September 23, 2011

Stephen Karcher, "The World of Change," Part Two

Excerpt from: 
Stephen Karcher, How to Use the I Ching, A Guide to Working with the Oracle of Change (Boston: Element Books, 1997).
Part Two, pp. 10-12. [Part One is here]


THE NAME OF THE BOOK

The most important ‘spirit,’ however, is contained in the name of the book itself: I (pronounced ‘ee’). The book really has three names. I Ching, the most familiar in the West, means ‘Classic of I.’ This comes from the time when five ‘classic’ books were established in China, around 200 BCE. The older name is Chou I, or ‘The I Book of the Kings of Chou,’ who were the first to assemble and use it around 1100 BCE. Quite frequently it is simply called ‘The I.’
            This word is usually translated as ‘change’ or ‘changes’, but it is really more precise than that. The I Ching contains models of orderly change, such as the change of the seasons, the movement of the planets or the stages of life, and models of transformations like water becoming ice, or a caterpillar becoming a butterfly. What is called ‘I’ really occurs outside these models of predictable change.
            The first meaning of I is ‘trouble.’ It indicates sudden storms, loss, times when what is thought to be stable suddenly becomes fluid or vanishes. Structures break down; something extraordinary occurs.
            The second meaning of I is the response to this kind of trouble: versatility, imaginative mobility, openness, something easy and light, not difficult and heavy. It suggests a fluid personal identity and a variety of imaginative stances. Through I you can change and move as fluidly and unpredictably as the creative force it describes. The I and its symbols describe the movements of the spirits that are the ‘seeds of events’ in the world. The spirits and their symbols connect the I of the universe to your own I, your creative imagination, if you choose to use them.

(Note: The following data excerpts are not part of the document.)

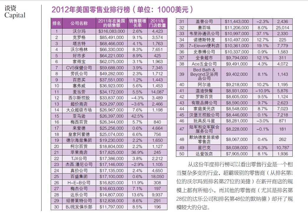 数语 10% 中国连锁经营协会会长郭戈平透露,受国内外经济增长放缓等因素影响,今年前三季度中国连锁零售企业销售同比增幅下降,连锁百强销售额平均增幅低于10%,低于社会消费品零售总额同比增速。郭戈平表示,零售的“慢增长”正是企业调整和变革的有利时机。 3316亿元 根据《2012年第3季度中国网上零售市场季度监测》数据显示,2012年第3季度中国网上零售市场交易规模达到3316亿元,环比增长18.7%,同比增长60%。其中B2C交易额1296亿,突破千亿。B2C的持续增长在进一步弱化C2C的市场份额。2012Q3中国B2C占网购规模的比重达39.1%,而上季度该比值为35%。C2C的下滑趋势进一步明晰。 1075.24亿元 据联商网统计,截止2012年11月9日,率先公布2012年度第三季度年报的40家零售企业中(不完全统计),总营收达1075.24亿元,平均增幅达5.57%。其中,23家零售企业业绩出现下滑;苏宁电器、上海友谊等零售企业销售额(营业收入/销售款项总额)超过100亿元。 11.8% 商务部公布,近期国内消费市场呈现稳中回升态势。据国统局统计,10月份,社会消费品零售总额实现18,934亿元人民币,同比增长14.5%,创近七个月以来的新高,已连续3个月逐月走高。1-10月累计实现社会消费品零售总额168,356亿元人民币,同比增长14.1%;扣除价格因素,实际增长11.8%,比上年同期加快0.6个百分点。 新店 10月24日:永辉重庆大足国梁店 10月25日:青岛永旺百丽广场店;嘉兴乐天玛特店 10月26日:漳州万达广场;百佳超市西城都荟分店;永辉超市碧湖万达广场 10月30日:麦当劳成都“得来速”汽车餐厅店 10月31日:华润万家万科城店 11月01日:沃尔玛永州东安店 11月03日:天虹龙华新区店 11月05日:大润发海城北关店 11月08日:沃尔玛鹤壁店 11月09日:维客超市沧口公园店;华联吴忠滨河广场店 11月10日:友好金盛百货乌鲁木齐新华南路店 11月14日:麦德龙顺德大良南国东路店 11月16日:物美天津丁字沽三号路与新德道交口店 11月17日:华润万家海口名门店 11月18日:杭州解百兰溪购物中心 11月20日:永辉超市贵安新天地店 形势 商务部启动六大措施解决蔬菜滞销问题 近期,山东、河南、浙江等地发生蔬菜卖难情况,商务部党组高度重视,紧急启动农产品卖难应对工作机制,采取了六项措施。一是迅速摸清情况;二是启动网上对接;三是开展社会救助;四是启动储备机制;五是筹备产销对接会;六是加强信息引导。 中国流通业发展尚需政策指导 商务部副部长姜增伟谈到,虽然中国流通业取得显著进步,但仍然存在不少薄弱环节和问题。对此中央政府十分重视。2012年8月,国务院下发了《关于深化流通体制改革加快流通产业发展的意见》,另外,国内贸易“十二五”规划也即将颁布。这两个文件对未来中国流通业的发展作出了指导,同时也提出了相应的政策措施。 餐厅人员须建食品安全培训档案 日前,国家食品药品监督管理局发出通知,要求各地建立行政区域内培训机构和餐饮服务食品安全管理人员培训考核档案,记录培训考核情况,并主动接受社会监督。通知强调,各地要进一步扩大培训覆盖面;利用食品药品监管系统培训考核资源和社会培训资源,规范培训内容和方式,确定考核机构。 我国食品标准清理明年年底前完成 卫生部公布的《食品标准清理工作方案》提出,到2013年底,完成对食用农产品质量安全标准、食品卫生标准、食品质量标准以及行业标准中强制执行内容的分析整理和评估工作,提出现行相关食品标准或技术指标继续有效、整合或废止的清理意见。各相关部门根据食品标准清理工作结果修订或废止相应标准,调整相应标准管理方式等。 |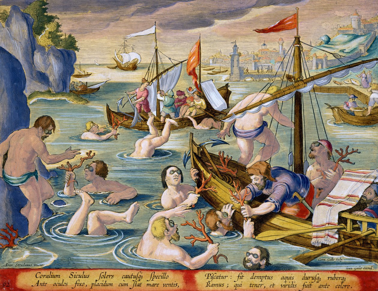 Diving for Coral, plate 92 from 'Venationes Ferarum, Avium, Piscium' engraved by Jan Collaert, published by Phillipus Gallaeus of Amsterdam(Diving for Coral, plate 92 from 'Venationes Ferarum, Avium, Piscium' (Of Hunting: Wild Beasts, Birds, Fish) engraved by Jan Collaert (1566-1628) published by Phillipus Gallaeus of Amsterdam (hand colo)Jan van der Straet |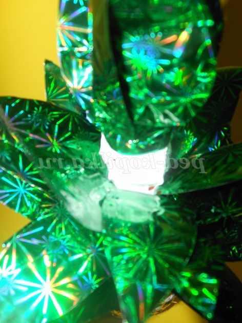 9. Тепер кріпимо листя, мій спосіб дуже легкий, беремо ізоляційну стрічку, відрізаємо в довжину по діаметру пляшки і приклеюємо на стрічку листочки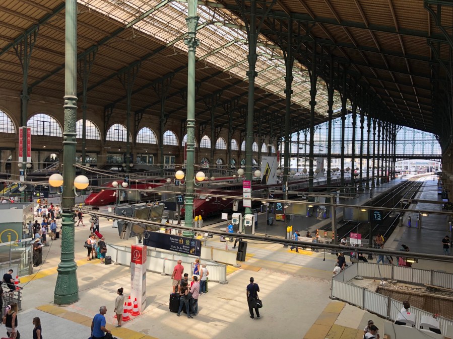 Inside Gare Du Nord looking down from the Eurostar check in area.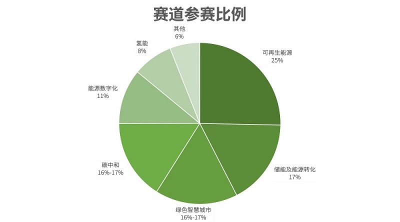 在全球轉(zhuǎn)型非化石能源,以及氣候行動(dòng)加速的大趨勢下,可再生能源賽道是今年大賽的最熱門賽道,項(xiàng)目占比25%,緊隨其后的是儲(chǔ)能及能源轉(zhuǎn)化賽道,占比17%。城市是人類應(yīng)對(duì)氣候變化最重要的陣地,今年大賽新增綠色智慧城市賽道也受到廣泛關(guān)注,與碳中和賽道勢均力敵,兩個(gè)賽道占比均在16%-17%之間,能源數(shù)字化賽道占比11%,氫能賽道占比8%。其他創(chuàng)新項(xiàng)目占比6%。
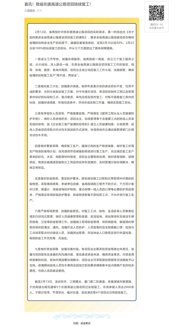 八閩國資|喜訊!我省在建高速公路項(xiàng)目陸續(xù)復(fù)工!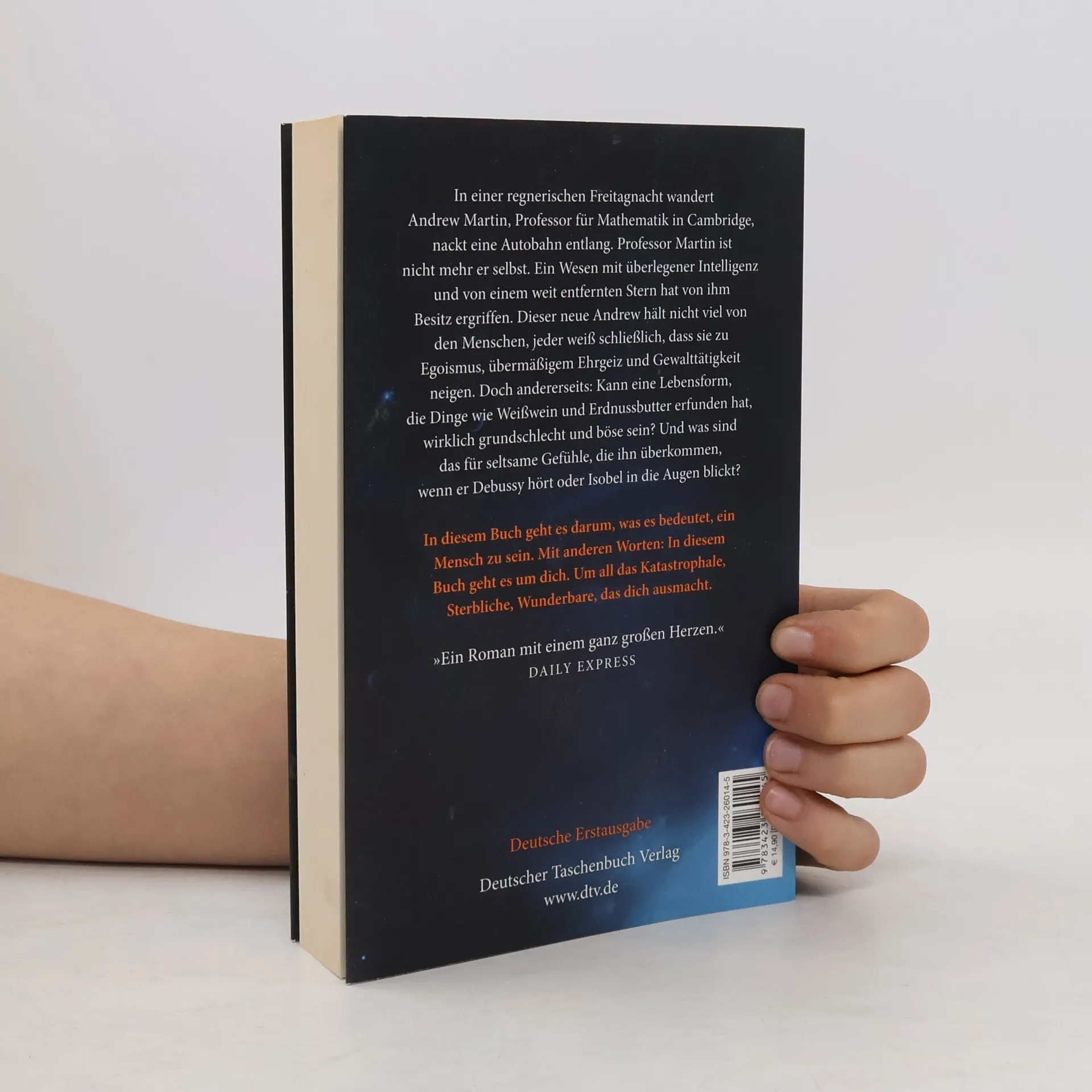 Ein Roman 'mit einem ganz großen Herzen' Daily Express In einer regnerischen Freitagnacht wird Andrew Martin, Professor für Mathematik in Cambridge, aufgegriffen, als er nackt eine Autobahn entlangwandert. Professor Martin ist nicht mehr er selbst. Ein Wesen mit überlegener Intelligenz und von einem weit entfernten Stern hat von ihm Besitz ergriffen. Dieser neue Andrew ist nicht begeistert von seiner neuen Existenz. Er hat eine denkbar negative Meinung von den Menschen. Jeder weiß schließlich, dass sie zu Egoismus, übermäßigem Ehrgeiz und Gewalttätigkeit neigen. Doch andererseits: Kann eine Lebensform, die Dinge wie Weißwein und Erdnussbutter erfunden hat, wirklich grundschlecht und böse sein? Und was sind das für seltsame Gefühle, die ihn überkommen, wenn er Debussy hört oder Isobel, der Frau des Professors, in die Augen blickt?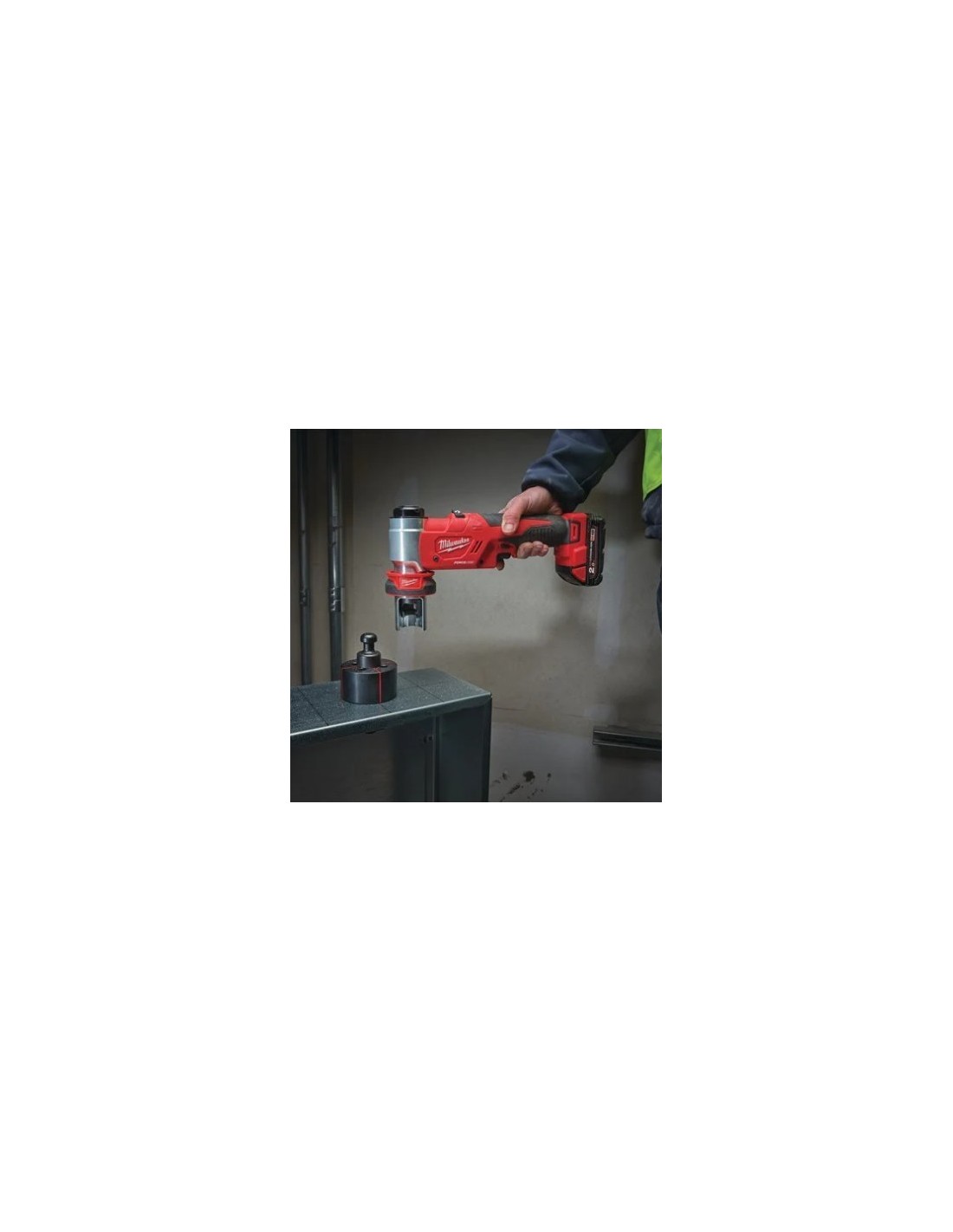 La herramienta efectúa las perforaciones hasta 100mm de diámetro en chapa de acero de 3mm o 2,5mm en acero inoxidable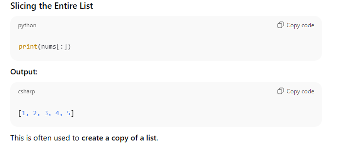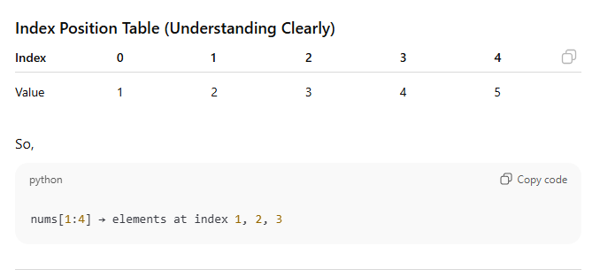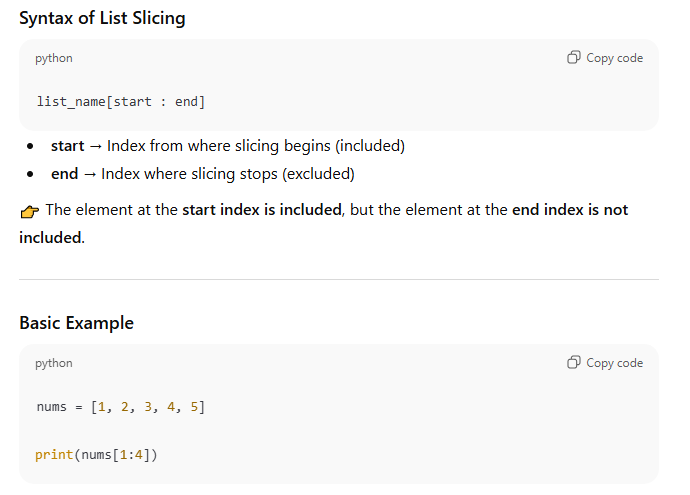 List slicing is a technique in Python used to extract a part (subset) of a list. Instead of accessing a single element using indexing, slicing allows us to access multiple elements at once by specifying a range of index positions.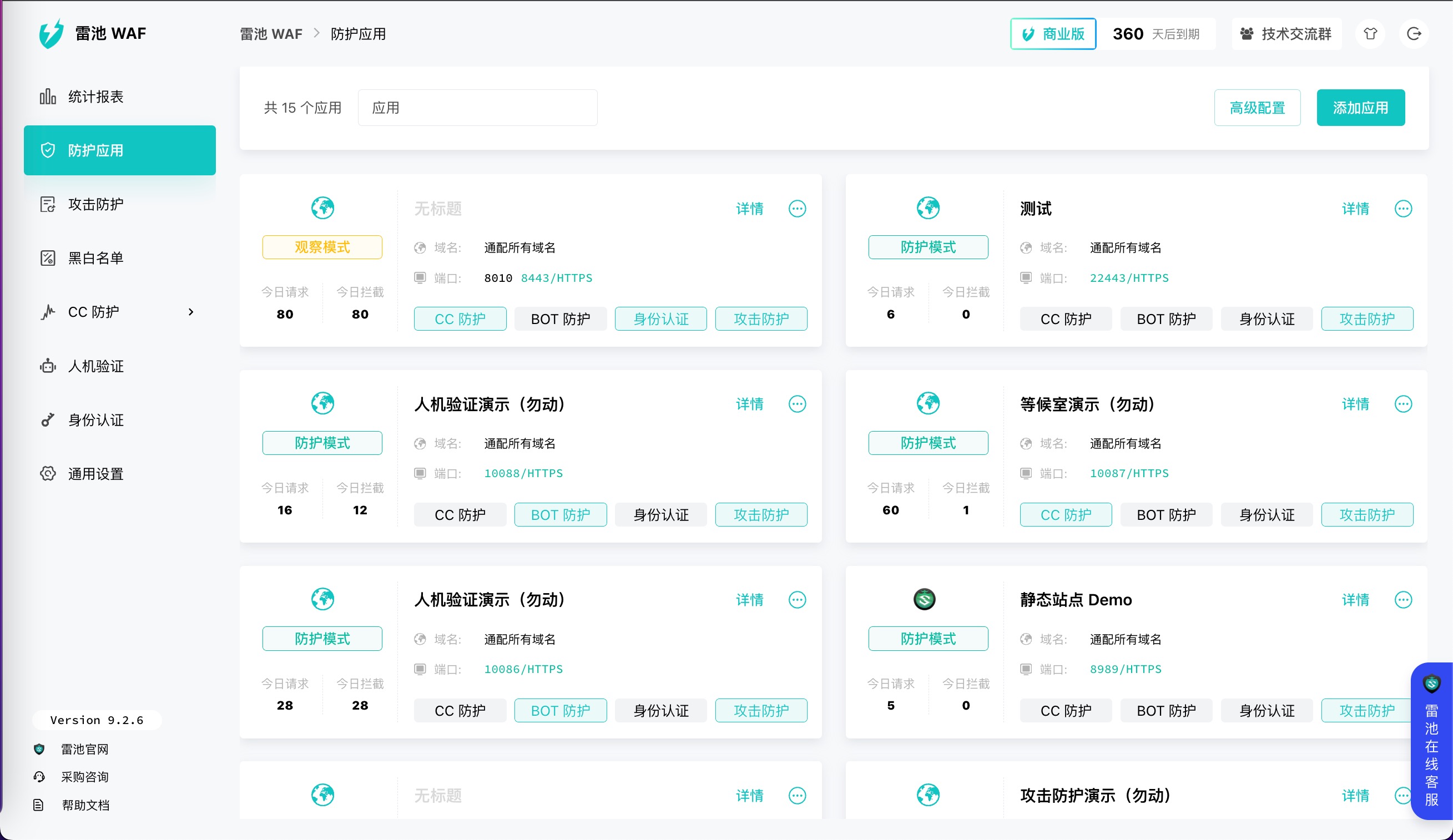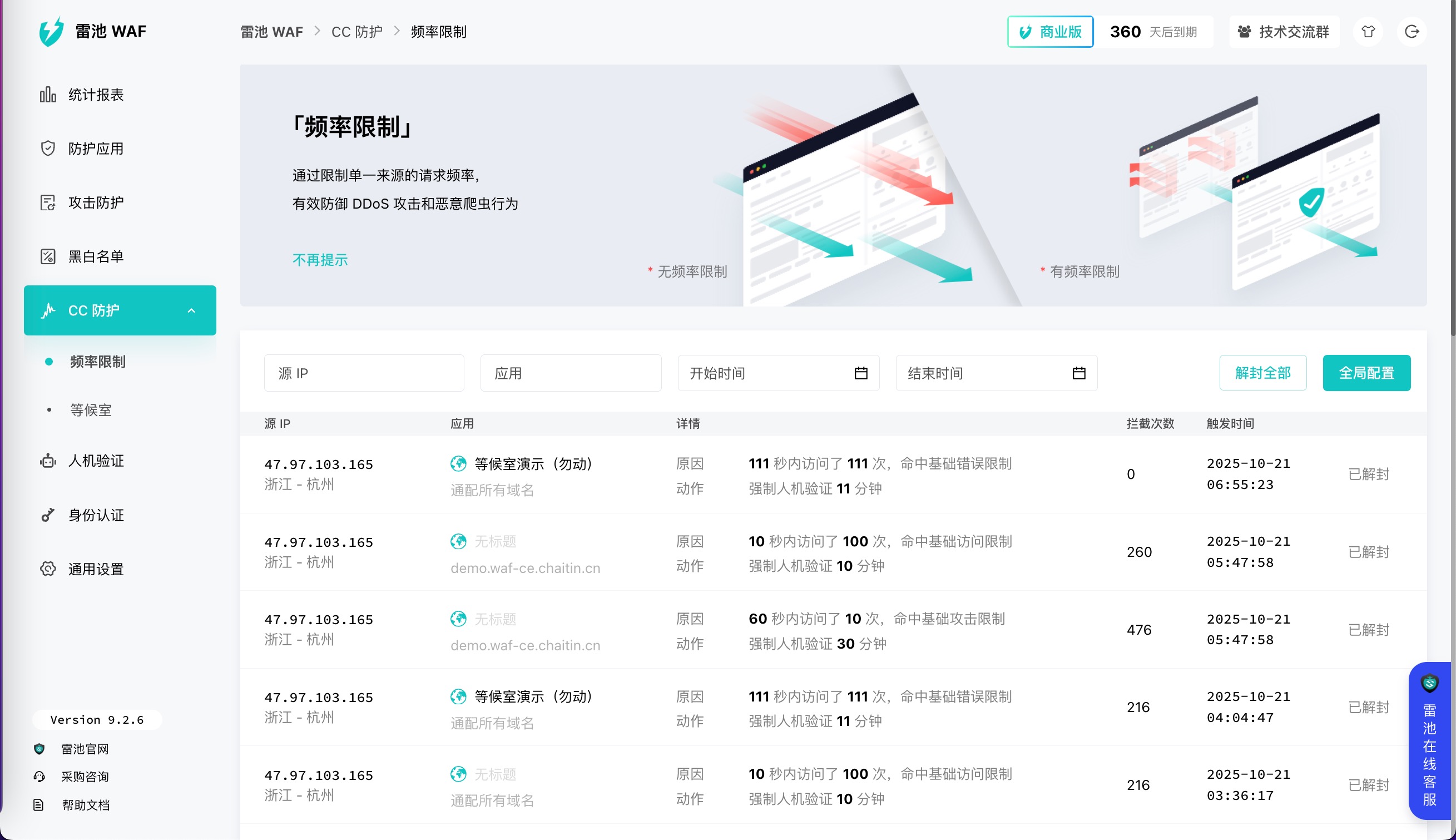 雷池WAF提供高级防护能力,包括语义分析算法(深度解码HTTP载荷)、Bot防护(人机验证、动态防护、防重放)、CC防护(频率限制、等候室)、身份认证和威胁情报IP识别,有效防御各类网络攻击。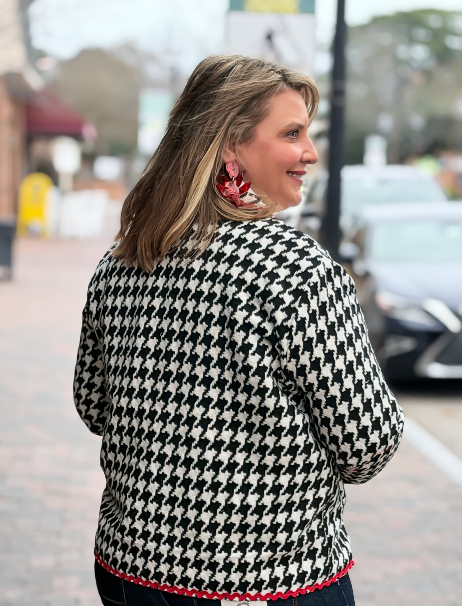 Elevate your wardrobe with this charming Zigzag houndstooth jacket that's equal parts sophisticated and fun. Featuring a striking zigzag trim tape detail on the front pockets and a classic button-front closure, this piece brings personality to any outfit. Fully lined for comfort and durability, it's the perfect layer for transitioning between seasons. Whether you're dressing up for brunch or keeping it casual, this jacket proves that timeless patterns never go out of style.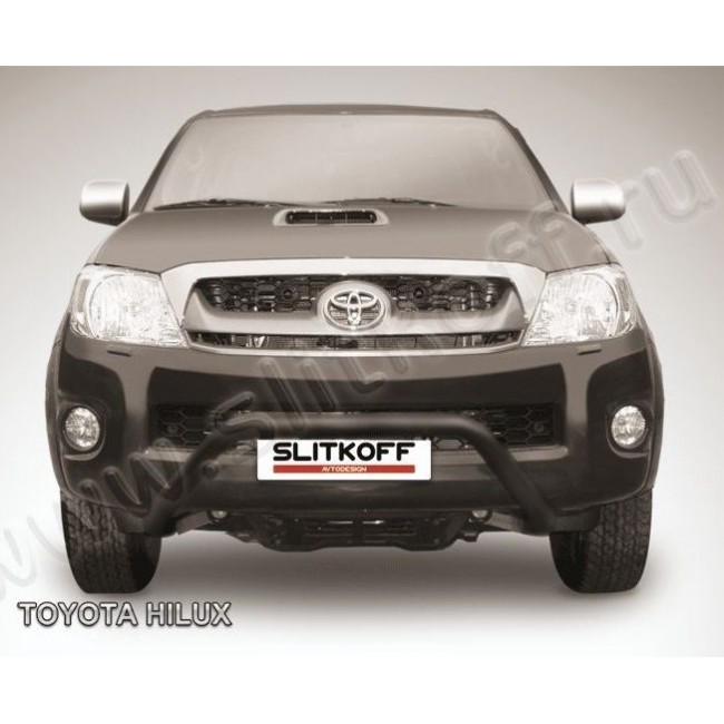 Кенгурятник D57 низкий широкий "мини" Toyota HILUX (с 2004) - черный. Материал: Сталь покрытая полимерным покрытием черного цвета.
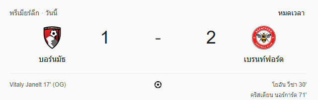 - นาทีที่ 96 กรรมการเป่าหมดเวลา บอร์นมัธ แพ้ เบรนท์ฟอร์ด 1-2!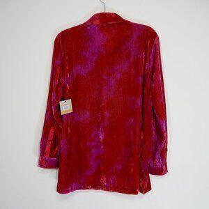 JOHN MARK Point Collar Button Front Tunic Top Size S Red Pink Tie Dye Velvet NEW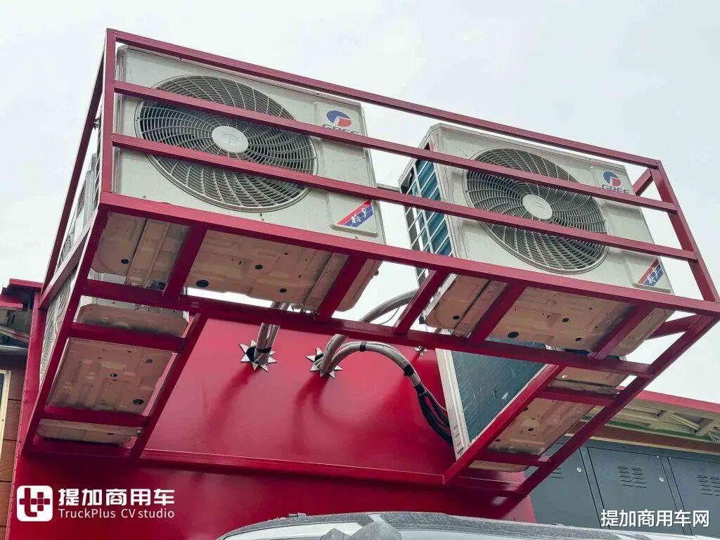 空调外机设计在驾驶室顶部的焊接支架上,正好利用了驾驶室上方的空间

THE HISTORICAL DEVELOPMENT OF THE BOOK

The Chou I
The creation of the Chou I, the original name of the book, was associated with the rise of the Chou Kings and the fall of the previous Shang Dynasty. This is characterized in the book itself as a ‘difficult time,’ full of sorrows. The eventual victory of the Chou nobles was thought to have restored the Golden Age to China. One of the most important tools in their struggle was their ‘Book of I.’
            By about 500 bce the Chou kingdoms had fallen apart. It was during this time of civil unrest, the Warring States period, that the individual use of the oracle began. The book’s purpose was transformed. It helped individuals find their way through the chaos of a crumbling social order.

The Classic of I
During the Han Dynasty (206 bce - 220 ce), what was called the Chou I or ‘Changes of Chou’ became the I Ching or ‘Classic of Change.’ The Han was the first great Imperial state in China, and it gathered and standardized many things. The written language was codified and clarified and five canonical texts or ‘Classics’ were established. The first was the ‘Classic of I’, the I Ching. Imperial scholars edited the text and put it into the new form of writing. They also collected and wrote down the various oral ‘traditions’ or teachings about how the oracle was used. These became the ‘Ten Wings’ that were attached to the central text. One of them in particular, the Hsi tzu chuan or Ta chuan, the ‘Commentary on the Attached Words’ or ‘Great Commentary,’ became one of the most important documents in Chinese culture. It explained how the world worked and how, through divination, we could find our proper place in it.

Confucianism
This version of the I Ching lasted well into the twentieth century. It was used and interpreted in many different ways, from popular to academic. A very influential system of interpretation grew up among the scholar-bureaucrats who served the government, a system called Confucianism or Neo-Confucianism. This moral and philosophical system was based on a particular interpretation of the tao. Neo-Confucians said that tao was a set of hierarchical cosmic and social relations: just as heaven is above, and earth below, so man is above, woman below; the husband above, the wife below; the elder above, the younger below; the ruler above, the subject below; the yang power above, and the yin power below. These ideas of above and below were a judgment of value and intrinsic worth, a strict moral and social hierarchy. Internalizing this hierarchy was the Confucian idea of ‘being in tao’. They developed an elaborate interpretation of the words and figures of the I Ching to support this hierarchical morality.

The Change Today
This century has brought a historic revision of the I Ching, taking the Neo-Confucian interpretation apart. Independent sources of the earliest types of written Chinese were discovered, and much light has been thrown upon divination practices and the meanings of words and phrases outside of their Confucian definitions. The identity of the book itself is once again changing. We can now recover its old oracular power and, at the same time, find a new place for it in the imagination of our time.